[[ THE DATA open ]]
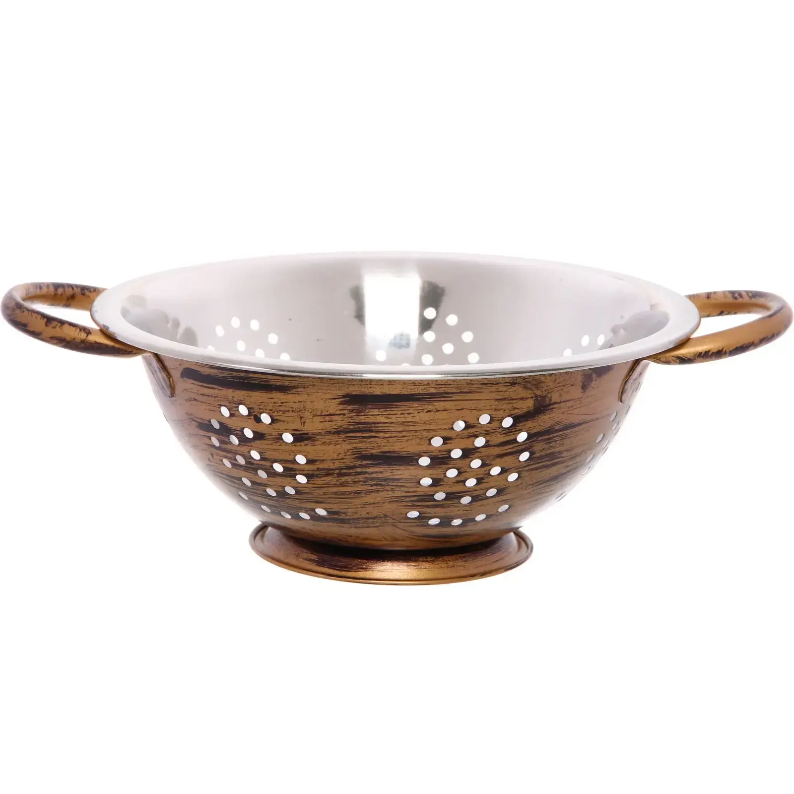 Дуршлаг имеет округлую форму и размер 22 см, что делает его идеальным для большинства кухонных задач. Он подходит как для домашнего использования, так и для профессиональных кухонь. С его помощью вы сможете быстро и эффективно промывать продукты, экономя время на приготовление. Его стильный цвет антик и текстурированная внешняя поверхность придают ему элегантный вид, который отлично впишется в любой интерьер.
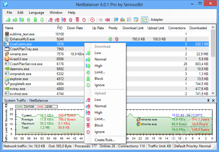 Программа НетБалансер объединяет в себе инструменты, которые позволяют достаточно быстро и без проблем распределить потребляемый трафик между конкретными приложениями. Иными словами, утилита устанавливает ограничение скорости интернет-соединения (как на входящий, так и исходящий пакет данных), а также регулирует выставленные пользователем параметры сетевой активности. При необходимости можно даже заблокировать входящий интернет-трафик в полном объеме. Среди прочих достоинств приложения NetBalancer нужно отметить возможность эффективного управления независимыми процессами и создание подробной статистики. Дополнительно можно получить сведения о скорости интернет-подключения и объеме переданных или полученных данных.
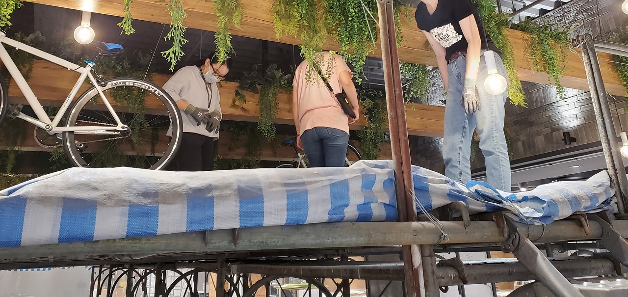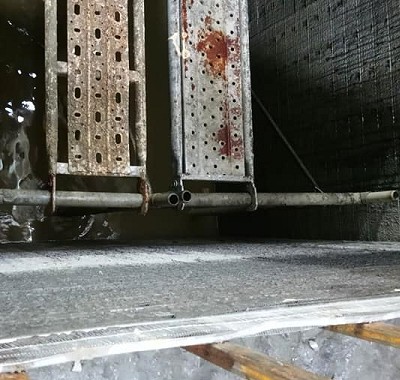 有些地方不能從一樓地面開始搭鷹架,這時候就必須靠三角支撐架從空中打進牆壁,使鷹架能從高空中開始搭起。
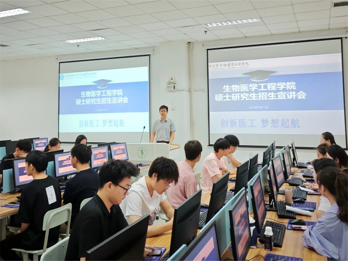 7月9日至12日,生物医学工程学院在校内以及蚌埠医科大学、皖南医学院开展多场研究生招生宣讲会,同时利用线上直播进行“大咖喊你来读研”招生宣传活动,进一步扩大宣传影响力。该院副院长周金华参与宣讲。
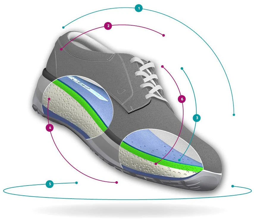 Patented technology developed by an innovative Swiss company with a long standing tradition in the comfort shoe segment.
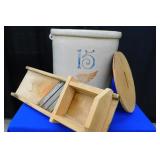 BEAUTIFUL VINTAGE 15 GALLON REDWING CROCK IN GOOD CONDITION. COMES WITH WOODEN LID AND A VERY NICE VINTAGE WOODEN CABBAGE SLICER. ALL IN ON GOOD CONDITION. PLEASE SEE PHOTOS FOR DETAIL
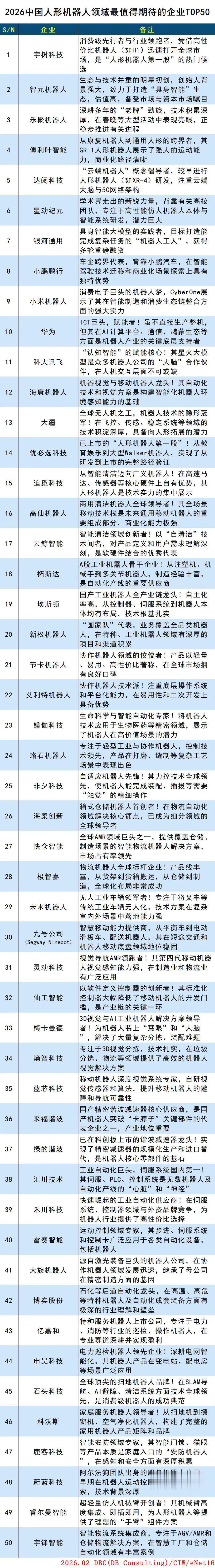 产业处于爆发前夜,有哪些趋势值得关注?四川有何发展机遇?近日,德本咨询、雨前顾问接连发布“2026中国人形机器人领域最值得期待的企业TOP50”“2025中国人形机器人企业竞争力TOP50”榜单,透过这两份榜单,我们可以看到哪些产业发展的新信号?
[[ THE DATA closed ]]
WORK ITEM:
Only the text of the records above, copied exactly, should be returned; the pictures stay out.

FINISHED TASK:
 Дуршлаг имеет округлую форму и размер 22 см, что делает его идеальным для большинства кухонных задач. Он подходит как для домашнего использования, так и для профессиональных кухонь. С его помощью вы сможете быстро и эффективно промывать продукты, экономя время на приготовление. Его стильный цвет антик и текстурированная внешняя поверхность придают ему элегантный вид, который отлично впишется в любой интерьер.
 Программа НетБалансер объединяет в себе инструменты, которые позволяют достаточно быстро и без проблем распределить потребляемый трафик между конкретными приложениями. Иными словами, утилита устанавливает ограничение скорости интернет-соединения (как на входящий, так и исходящий пакет данных), а также регулирует выставленные пользователем параметры сетевой активности. При необходимости можно даже заблокировать входящий интернет-трафик в полном объеме. Среди прочих достоинств приложения NetBalancer нужно отметить возможность эффективного управления независимыми процессами и создание подробной статистики. Дополнительно можно получить сведения о скорости интернет-подключения и объеме переданных или полученных данных.
 有些地方不能從一樓地面開始搭鷹架,這時候就必須靠三角支撐架從空中打進牆壁,使鷹架能從高空中開始搭起。
 7月9日至12日,生物医学工程学院在校内以及蚌埠医科大学、皖南医学院开展多场研究生招生宣讲会,同时利用线上直播进行“大咖喊你来读研”招生宣传活动,进一步扩大宣传影响力。该院副院长周金华参与宣讲。
 Patented technology developed by an innovative Swiss company with a long standing tradition in the comfort shoe segment.
 BEAUTIFUL VINTAGE 15 GALLON REDWING CROCK IN GOOD CONDITION. COMES WITH WOODEN LID AND A VERY NICE VINTAGE WOODEN CABBAGE SLICER. ALL IN ON GOOD CONDITION. PLEASE SEE PHOTOS FOR DETAIL
 产业处于爆发前夜,有哪些趋势值得关注?四川有何发展机遇?近日,德本咨询、雨前顾问接连发布“2026中国人形机器人领域最值得期待的企业TOP50”“2025中国人形机器人企业竞争力TOP50”榜单,透过这两份榜单,我们可以看到哪些产业发展的新信号?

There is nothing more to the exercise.